I have not seen a security-specific deployment of Tecton or Databricks Feature Store either. The vendor neutrality call here is essentially "pick the one that fits the surrounding stack and the team's skill profile," because there is no security-domain validation that would tip the scales for any of them yet.

Kedro

Pipeline orchestration, in the place Airflow doesn't quite fit.

Kedro is an open-source framework for organizing data science and ML pipeline code into modular nodes and pipelines. It was developed at QuantumBlack (McKinsey's analytics arm) and open-sourced under Apache 2.0. The honest one-liner is that Kedro structures data-science workflows to enforce modularity, configuration management, and reproducibility on code that would otherwise be a pile of notebooks.

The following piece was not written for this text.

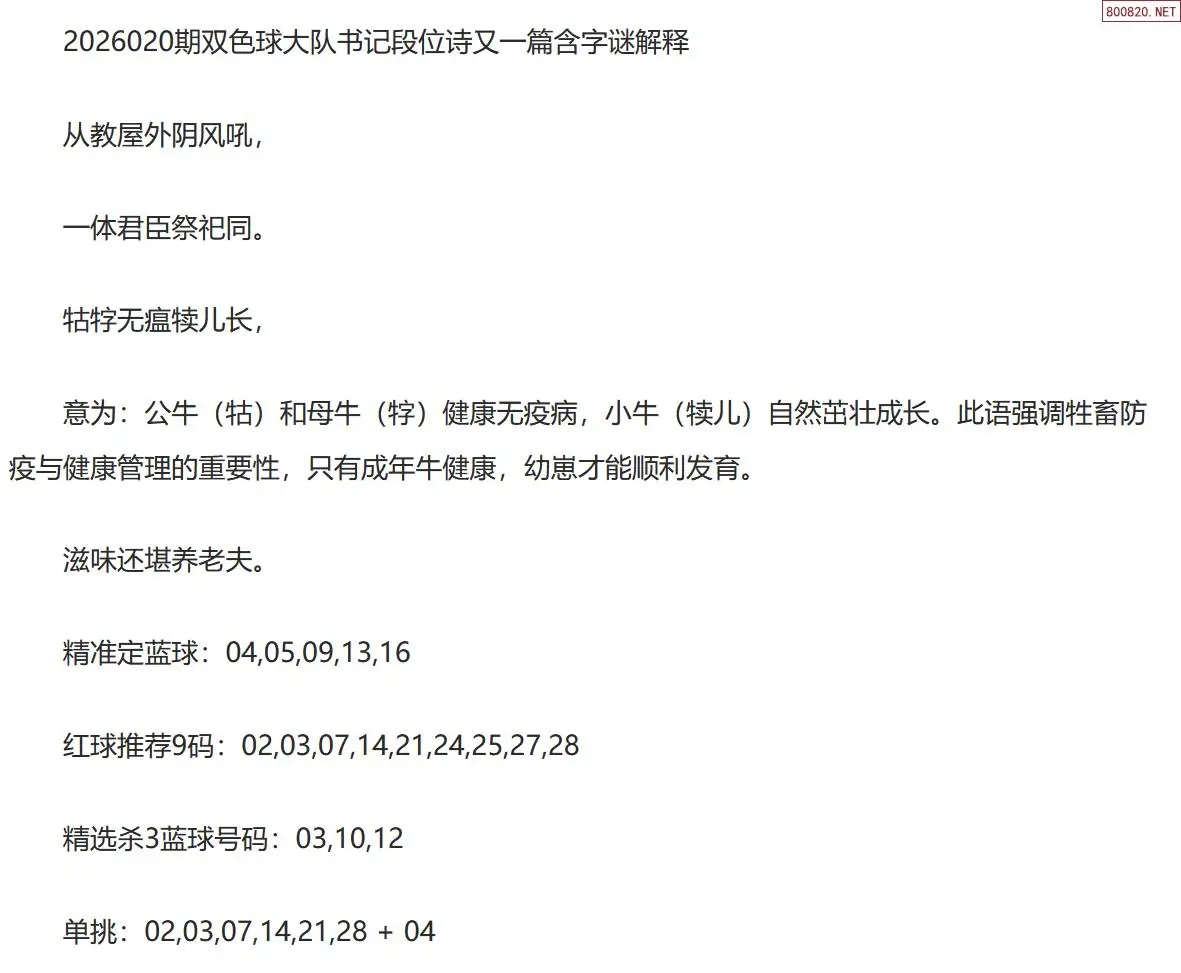 双色球第26020期大队书记最新段位诗谜又一篇

The functional structure is simple. A node is a Python function with declared inputs and outputs. A pipeline is a directed acyclic graph of nodes wired together by name. A data catalog defines where each named input or output lives: an Iceberg table, a parquet file, a feature view, a Redis key. Running kedro run materializes the pipeline; running kedro viz opens an interactive DAG view in the browser.

A condensed detection pipeline in Kedro looks like:

from kedro.pipeline import Pipeline, node
from .nodes import (
    ingest_cloudtrail, normalize_ocsf, extract_features,
    load_feature_store, run_detection_models,
    filter_high_confidence, send_alerts,
)

def create_detection_pipeline() -> Pipeline:
    return Pipeline([
        node(ingest_cloudtrail, "params:cloudtrail_path", "raw_cloudtrail"),
        node(normalize_ocsf,    "raw_cloudtrail",         "ocsf_events"),
        node(extract_features,  "ocsf_events",            "user_features"),
        node(load_feature_store,"user_features",          None),
        node(run_detection_models, "ocsf_events",         "raw_alerts"),
        node(filter_high_confidence, "raw_alerts",        "validated_alerts"),
        node(send_alerts,       "validated_alerts",       None),
    ])

What Kedro buys you, specifically: the OCSF normalization step can be changed without re-testing the feature extraction step. The data catalog tracks lineage automatically, so when an alert fires, you can walk backwards through the pipeline and see exactly which input dataset, which feature materialization, and which model version produced it. Each node is unit-testable in isolation. That last point is the one that matters most for security: detection-engineering code that's been through a Kedro refactor tends to have meaningfully higher test coverage than the equivalent notebook-and-cron sprawl, and the production deployment story improves with it.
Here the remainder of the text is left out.